Musée de Montmartre Accuses Paris Museum Pass of Discrimination

InterMusées keeps rejecting its applications on the grounds that it is a private museum.

One of the rooms at the Musée de Montmartre and Renoir Gardens. Courtesy Musée de Montmartre.
One of the rooms at the Musée de Montmartre and Renoir Gardens. Courtesy Musée de Montmartre.

The Musée de Montmartre has launched a complaint against the body in charge of all 56 museums in Paris, InterMusées, following yet another refusal to include the institution in its Paris Museum Pass scheme, which grants visitors free access to public museums in the city.

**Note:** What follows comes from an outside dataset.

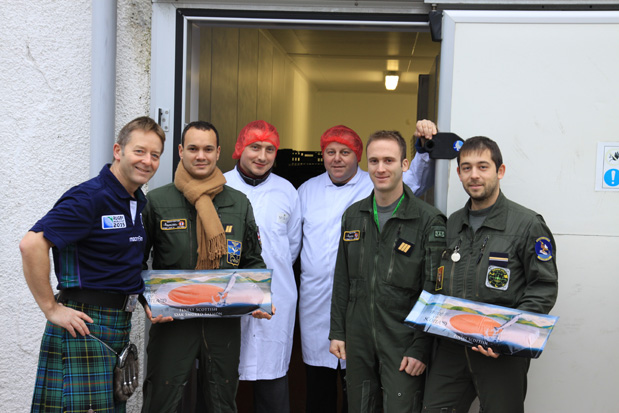 The French flyers visit nearby RAF Lossiemouth on exercise every December and it has now become a well-established tradition for Associated Seafoods to present them with delicious Scottish smoked salmon.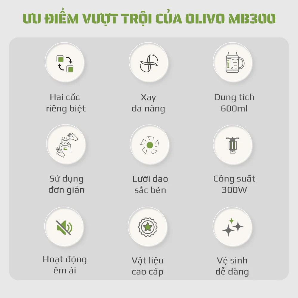 Máy xay sinh tố OLIVO MB300 là lựa chọn hoàn hảo dành cho gia đình hiện đại với thiết kế sang trọng, động cơ mạnh mẽ và khả năng xay đa năng. Sản phẩm giúp bạn chế biến nhanh chóng các loại sinh tố, nước ép, đồ uống dinh dưỡng cũng như các món ăn từ rau củ, thịt, hạt.![]()

InterMusées has always refused to include the museum, which started applying for membership four years ago, on the grounds that the Musée de Montmartre is a private museum, and therefore does not meet the criteria.

“We do not understand why they keep rejecting us. Their argument that we are a private institution hasn’t been valid since 2014, when we started a non-profit association,” Aude Viart, director of the Musée de Montmatre, told Le Figaro.

The pass costs €70 ($73) and allows visitors access to some of Paris’s top museums such as the Louvre, the Centre Pompidou, and the Palace of Versailles. Being included in the pass also provides great publicity for less well-known museums, and can provide a big boost to visitor numbers.

“The Paris Museum pass represents an average of 20,000 visitors a year,” Viart told Le Figaro.

But tired of the rejection, Viart is taking action. And, besides her public complaint, the director is taking further measures. As of January 1, 2017, tourists in possession of the Paris Museum Pass are being granted free access to the Musée de Montmartre, with or without the blessing of InterMusées.

Viart is hoping that her campaign will prompt InterMusées to reconsider its decision.

The Musée de Montmartre, which was founded in 1960 and is devoted to 19th century painting and sculpture, is housed in Bel Air House, the oldest building in the beautiful historic district of Montmartre.

The house served as a meeting place for the likes of Pierre-Auguste Renoir and Émile Bernard, and those who run it believe it is a significant location in Montmartre, adding to its rich artistic reputation.